Я могу сказать, что тогда я просто восхищался нашими людьми. Это самые большие наши богатство и гордость. Все знали, что там люди умерли, но никто не отказался идти, не испугался, все пошли. Я с громадным уважением отношусь к Максимчуку, потому что он всегда сам показывал, как делать. И тогда не будет вопросов. Поэтому мы все так делали, и я сам пошёл первым, чтобы, когда я буду пятёрки формировать и посылать, никто бы не бросил: «А ты сам-то там ходил? Что же ты нас гонишь?»
— Почему об этом пожаре так мало информации?
— Когда нас распределили по госпиталям, пришла команда ничего об этом пожаре не рассказывать. Я спросил почему. Мне объяснили, что пошли с награждениями на самый верх, и тут Горбачёв сказал: «Вы что, охренели? Месяц назад мы весь мир напугали, и теперь хотите, чтобы я снова сказал, что у нас опять там же пожар?» За достоверность слов не ручаюсь, но смысл точно был такой. Просто ничего не было, мы об этом не вспоминали. Даже когда в госпитале лежал, у меня был диагноз не «лучевая болезнь», а «вегетососудистая дистония», и у всех наших ребят так. Об этом пожаре не вспоминали до недавнего времени. Пока ваши коллеги не сделали более-менее правдивый документальный фильм — только там было серьёзное упоминание.
— Недавно сериал «Чернобыль» снова поднял волну интереса к этой катастрофе. Смотрели ли вы его? Насколько правдиво там всё показано?

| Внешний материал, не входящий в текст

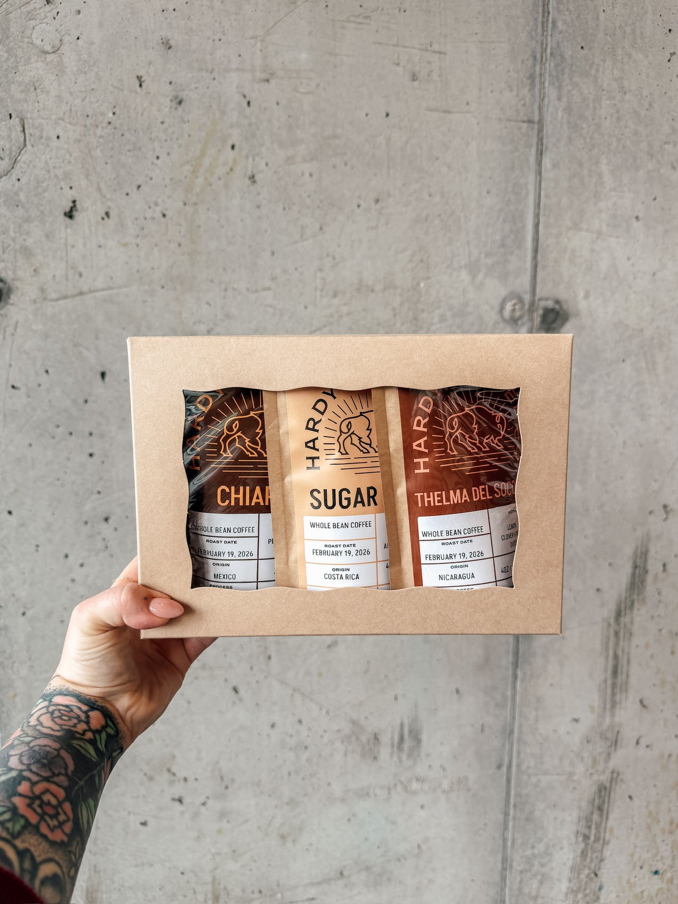 This Single Origin Sampler is a perfect gift for the coffee lover in your life. Each box is carefully curated with (3) 4oz. bags of freshly roasted coffee and crinkle paper.

— Мне мои дети позвонили, говорят: «Американцы замечательный фильм сняли, посмотри, хочется твоё мнение узнать». Я отвечаю: «Ребята, даже смотреть не буду. Там, наверное, показаны генералы-мерзавцы, которые гонят людей, как скот на убой? Так вот, меня никто туда не гнал, я сам поехал, потому что я присягу давал».
Потом всё же посмотрел одну серию, дальше не стал. Просто чернуха. Видно, что люди даже не представляют, что там было. Даже в мелочах видно. Совещания показывают в чернушном свете, с мебелью убогой. А на самом деле атомная станция — преуспевающее предприятие, там цветы, ковры. Да была авария, но не на всех же блоках.
Вот когда у нас такое было: пожар, катастрофа, а все собрались на мосту и водку пьют? Никогда у нас такого не было. Праздник если — да, пьют, а если видим, что беда, все пойдём туда, будем как-то её ликвидировать, а не пить и на зарево смотреть. Я видел, как это было на самом деле, там все сплотились, были, как единая семья.
Сейчас Данила Козловский заканчивает съёмки фильма, посвящённого работе пожарных и подвигу ребят, которые 26 апреля работали, он меня просил помочь. Когда встречались, он меня спросил: «Чего бы вы мне никогда не простили в фильме?» Я ответил: «Много всего навскидку могу сказать, но дьявол в деталях. Я бы никогда не простил, если бы показывали наших пожарных в Чернобыле в американских боёвках и немецких касках и противогазах. Может, это мне только так видно и тысяче специалистов, но надо хотя бы форму правдивую сделать — тогда и содержание придёт».
- Годовщина трагедии на Чернобыльской АЭС: крупнейшая катастрофа в истории мирного атома
- Документальная драма: как в Самаре судят за мошенничество пилотов, эвакуировавших людей из Припяти
- «Демонизирует образ советских людей»: Роскомнадзор просят ограничить доступ к сериалу «Чернобыль»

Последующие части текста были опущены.